Ce tableau ne fut pas unanimement admiré. Thoré-Burger écrivait : « Toutes les difficultés de la peinture étaient réunies dans un pareil sujet, et il n’est pas surprenant que M. Meissonier ne les ait point vaincues. Les têtes, surtout celle du personnage principal, tournent un peu au style que représente Daumier. Les chevaux ne se tiennent pas sur leurs jambes, et le cheval blanc de l’Empereur semble peint avec du lait doux. Ce groupe de cavaliers, qui sont censés à la file, s’emmêle en un seul monceau. Aucune dégradation de lumière, qui mette chaque figure à son plan.

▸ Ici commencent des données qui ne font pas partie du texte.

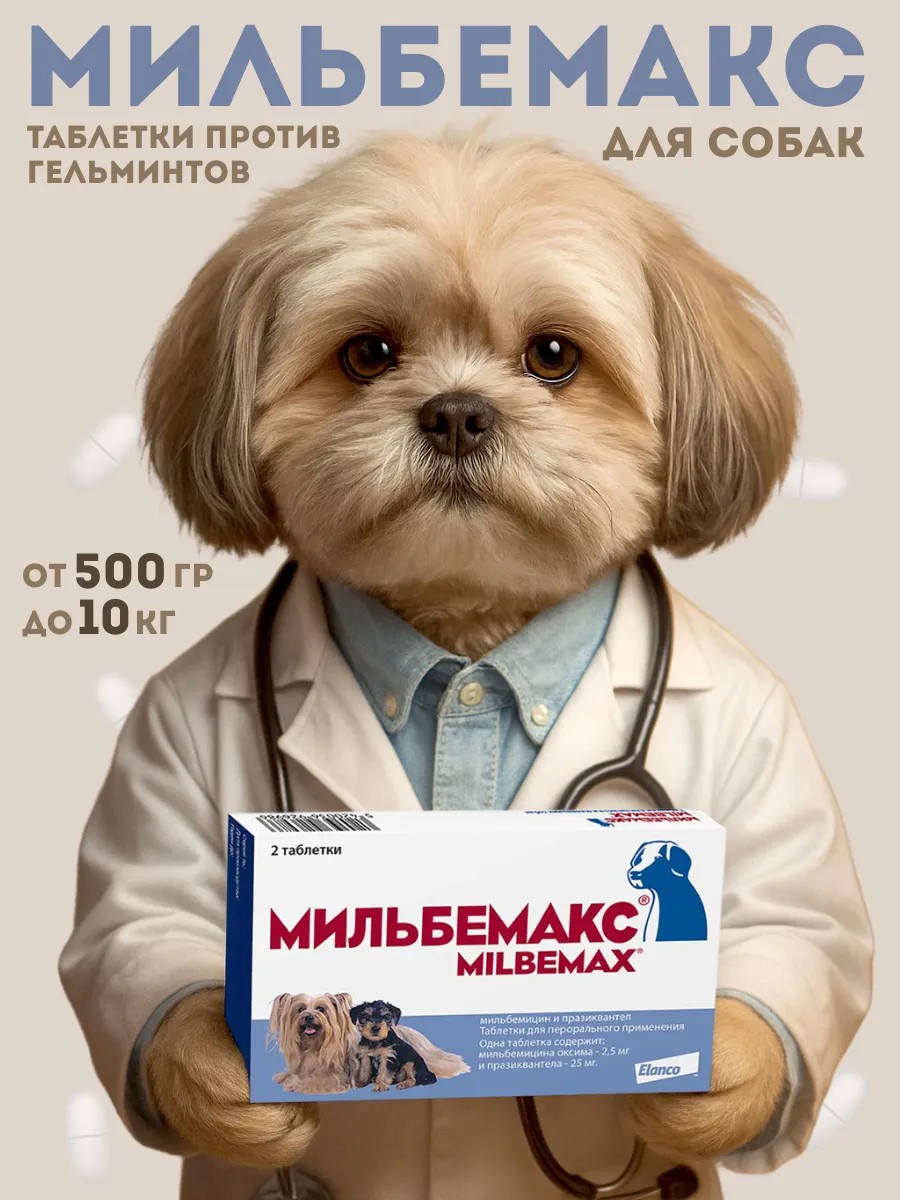 | Полное наименование товара | Мильбемакс, таблетки от гельминтов для щенков и маленьких собак, 2 шт. |

Les derniers ne sont pas plus éloignés que les premiers, pourquoi sont-ils plus petits ? A droite de la file impériale, on aperçoit une masse de figurines microscopiques, sans doute un régiment qui cherche aussi à regagner la patrie ; mais la distance qui les sépare du groupe principal n’est point justifiée par la perspective des terrains. »

Ce morceau est curieux à lire, aujourd’hui, parce qu’il

  1. Voyez Muybridge, Animals in Motion. — The Walk, notamment page 39, série 4 « Horse Elberon, » p. 37, « Horse Clinton, » p. 35, « Horse Billy, » p. 31, série 3 « Thorough-bred Mare « Annie, » p. 27. et 28, série 2 « Horse Billy. »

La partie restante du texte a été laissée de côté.